Professional Liability/Risk Management Brief;Exposures Created by Recognizing The Risk of Third-Party Beneficiaries
Avoiding Third-Party Beneficiary Claims
Contracting practices and provisions that have proven sound are an effective risk management tool since contracts define and determine rights, responsibilities, and procedures. Accordingly, they are often used to determine the liability of project participants. Obviously, a disappointed client can sue a professional services firm with which it has a contract. Claims, however, are often brought by contractors or other third parties that do not have any contractual privity with the professional services firm.
In many states, these third-party claims cannot demand the payment of economic losses, but are limited to property damage and bodily injury. If such a third party—a contractor, lender, tenant, or other entity—is included as a third-party beneficiary in the contract, the exposure of the professional services firm increases. Some jurisdictions have construed professional contracts in a way that gives selected third parties, such as contractors, rights that are significantly equivalent to contractual privity; others simply no longer exclude economic losses from a third party’s possible recovery under a negligence claim.
Although being named as a third-party beneficiary provides the greatest opportunity for the beneficiary to recover, certain situations often lead to claims based on detrimental reliance. Even without contractual privity, third parties will claim to have relied upon the professional services or work product (e.g., opinions, reports, surveys, plans, and specifications). For example:
· A contractor may claim additional costs or delays due to alleged errors and omissions in the plans, specifications, or reports prepared by the design firm;
· Another consultant providing services on the project may claim damages because it relied upon statements or opinions regarding conditions contained in a study or report;
· The purchaser of a property may claim damages resulting from reliance upon information contained in any assessment and report in deciding to purchase the property; and
· Employees of a contractor, subcontractor, or even the government may claim that they have been injured as a result of the design firm’s services. Workers’ compensation laws limit recovery by employees from their employer. Thus, individual employees often seek damages against design firms based on the theory that the practitioner negligently breached its duty in the design or in performing on-site services. A citizen may bring a claim under the same theory.
Minimizing the Risks of Studies and Reports
It is advisable to include a provision stating that deliverables are for the sole use of the client and not for any other individuals. A second recommended provision should state that the work product may be used for a limited duration and is not to be used by any other person without the express written authorization of the professional. Such disclaimers may preclude a finding by the courts that third-party reliance upon a report, analysis, or the deliverables of design services was “justifiable.” In litigation, a court should hold that third parties have no right to sue based on some other set of contractual obligations, because that contract contains a third-party exclusion provision which clearly states that all rights and benefits are owed solely by one party to the other.

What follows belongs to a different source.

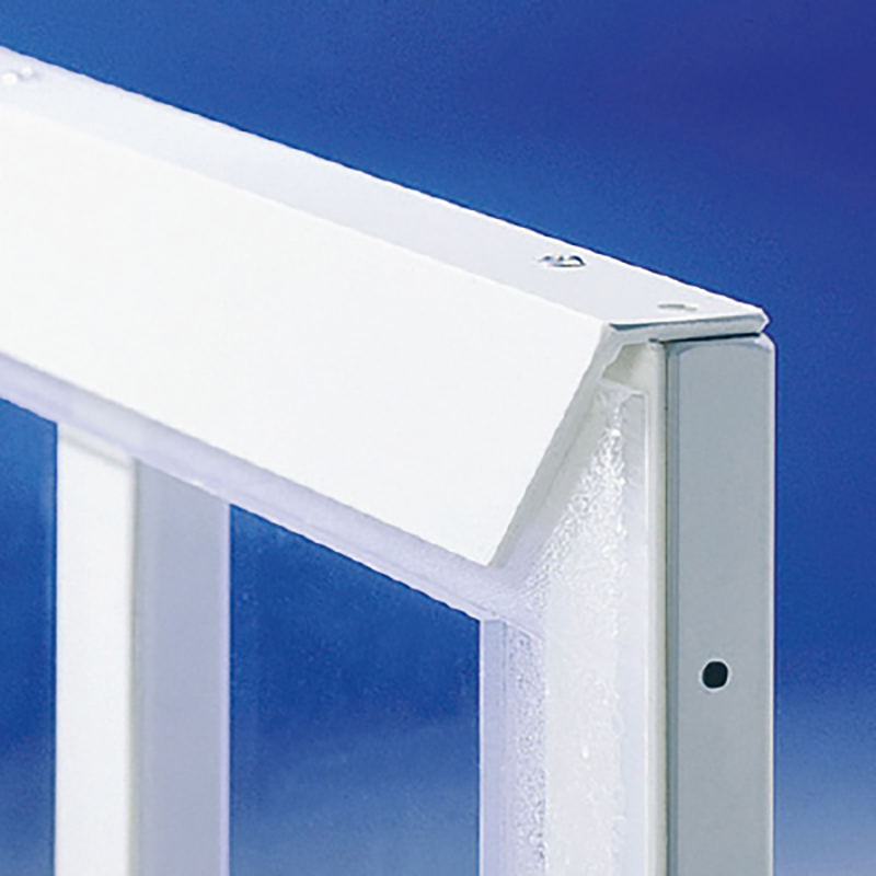 Acrylglasbrett auf Stahlrohrrahmen mit weissem Aluminiumwinkel-Profil vernietet. (keine Verschraubung durch das Acrylglasbrett!)

Prohibiting Third-Party Claims on Construction Projects
A precise definition of the scope of services may act as a defense to a third-party claim on the theory that the design firm was not retained to perform services for the third party. The Engineers Joint Contract Documents Committee (EJCDC), in EJCDC E-500, Standard Form of Agreement Between Owner and Engineer for Professional Services (2008 edition), handles this issue with the following language:
C. Unless expressly provided otherwise in this Agreement:
1. Nothing in this Agreement shall be construed to create, impose, or give rise to any duty owed by Owner or Engineer to any Contractor, Subcontractor, Supplier, other individual or entity, or to any surety for or employee of any of them.
2. All duties and responsibilities undertaken pursuant to this Agreement will be for the sole and exclusive benefit of Owner and Engineer and not for the benefit of any other party.
3. Owner agrees that the substance of the provisions of this Paragraph 6.07.C shall appear in the Contract Documents.
Reducing the possibility of a third-party beneficiary is of particular concern, because such status often provides for recovery of economic losses in those states where such losses are not recoverable on basic negligence claims. A third-party exclusion does not compromise a client’s position. It is one that could significantly limit the risks of the professional services provider.
© 2010, Victor O. Schinnerer & Company Inc. Statements concerning legal matters should be understood to be general observations based solely on our experience as risk consultants and may not be relied upon as legal advice, which we are not authorized to provide. All such matters should be reviewed with a qualified advisor. Victor O. Schinnerer & Company Inc. is managing underwriter for the CNA/Schinnerer Professional Liability Insurance Program, commended by NSPE/PEPP since 1957.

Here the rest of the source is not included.